On Wednesday, a cyber incident at CDK Global, a software provider for 15,000 auto dealerships, disrupted operations at numerous dealerships in the USA and Canada. CDK spokesperson Lisa Finney confirmed the company is investigating the incident and has shut down most systems to protect customers, with efforts underway to restore functionality as soon as possible.

Jeff Ramsey from Ourisman Auto Group in Maryland stressed that essential information, typically stored digitally, is now inaccessible, impacting their ability to close deals. Despite understanding the need for caution, Ramsey expressed concerns about potential business losses as customers might turn to unaffected dealers. The timing is particularly critical during the peak car-buying season.

Brian Benstock of Paragon Honda and Paragon Acura in New York added that while his team can resort to manual processes, the real burden falls on accountants and business staff. He also stressed ongoing worries about customer data security. CDK later announced partial restoration of some systems, though not all have been fully operational yet.

Why does it matter?

CDK’s software is essential for various dealership operations, from record-keeping to service scheduling. The disruption has caused significant inconvenience, especially since many dealers rely on these systems daily.

Airbnb faces allegations of compromising user safety

Airbnb has been accused of compromising user safety by scaling back efforts to remove extremists from its platform, according to a whistle-blower complaint by Jess Hernandez, a former contractor. Hernandez, who worked as an investigations analyst for Airbnb from May 2022 to November 2023, claims she was fired after the company directed her team to reinstate users involved in the 6 January 2021 Capitol attack. Whistle-blower Aid, representing Hernandez, stated that Airbnb’s changes undermined its public safety commitment.

Hernandez filed her complaint with the US Securities and Exchange Commission and Federal Trade Commission in May. Airbnb denied the allegations, asserting that it continues to enforce policies against dangerous individuals and has even expanded its team to enhance safety measures.

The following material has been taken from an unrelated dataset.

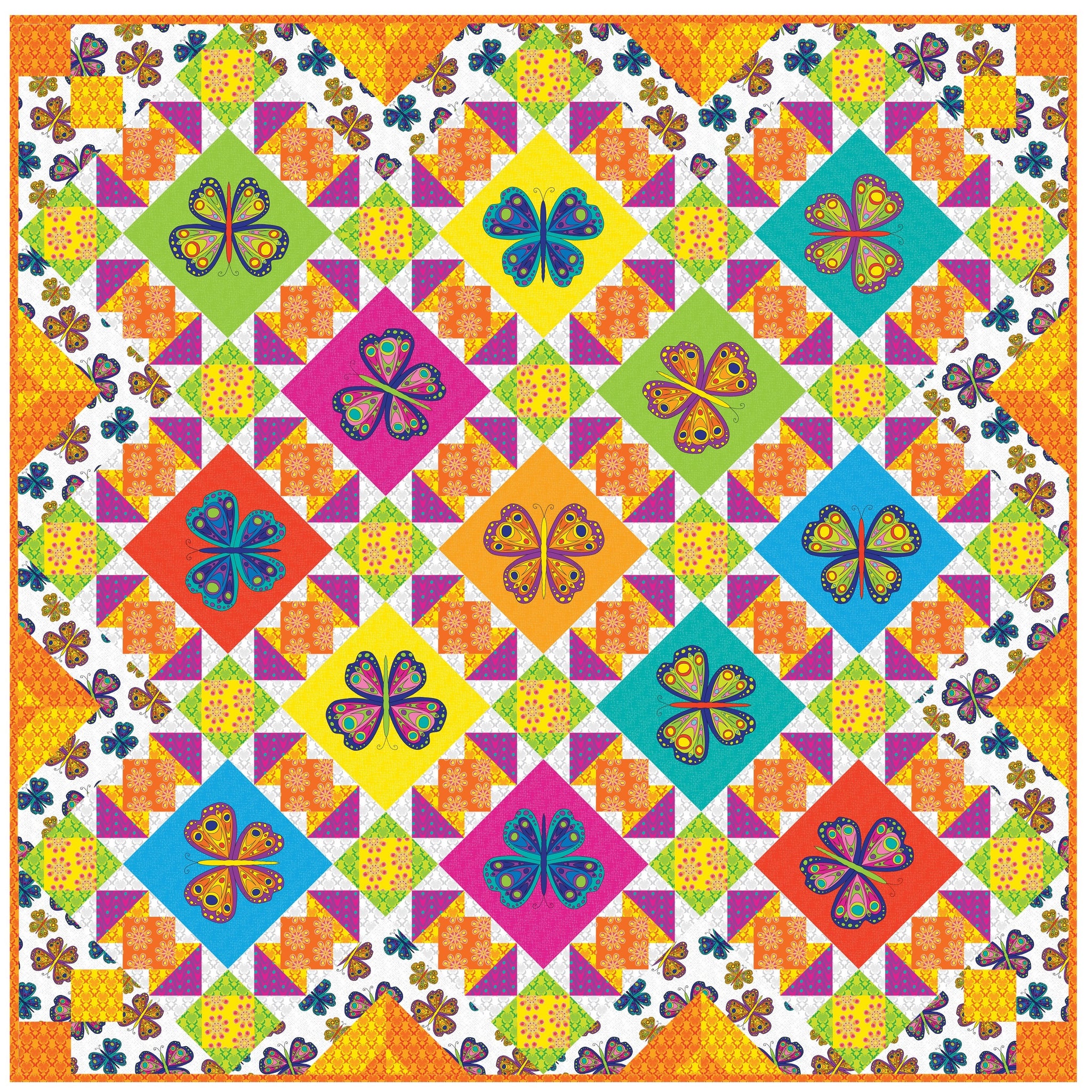 Cut up the beautiful butterfly boxes  and then with snowballed corners and border strip piecing, this quilt comes together so easy!  It looks more complicated than it is!

Despite these measures, Hernandez alleges that in 2023, the teams faced increased bureaucratic hurdles, slowing down their ability to remove dangerous users. The claim is supported by a 161-page complaint obtained by NBC from an anonymous source. Before her time at Airbnb, Hernandez worked with the Terrorism Research and Analysis Consortium.

Why does it matter?

The complaint adds to ongoing safety concerns within Airbnb, a platform facilitating millions of global interactions. CEO Brian Chesky has previously implemented measures like party crackdowns and bans on indoor security cameras to address these issues. Airbnb’s history of removing users associated with extremist activities dates back to 2016, including actions following the Unite the Right rally in 2017 and the Capitol attack in 2021.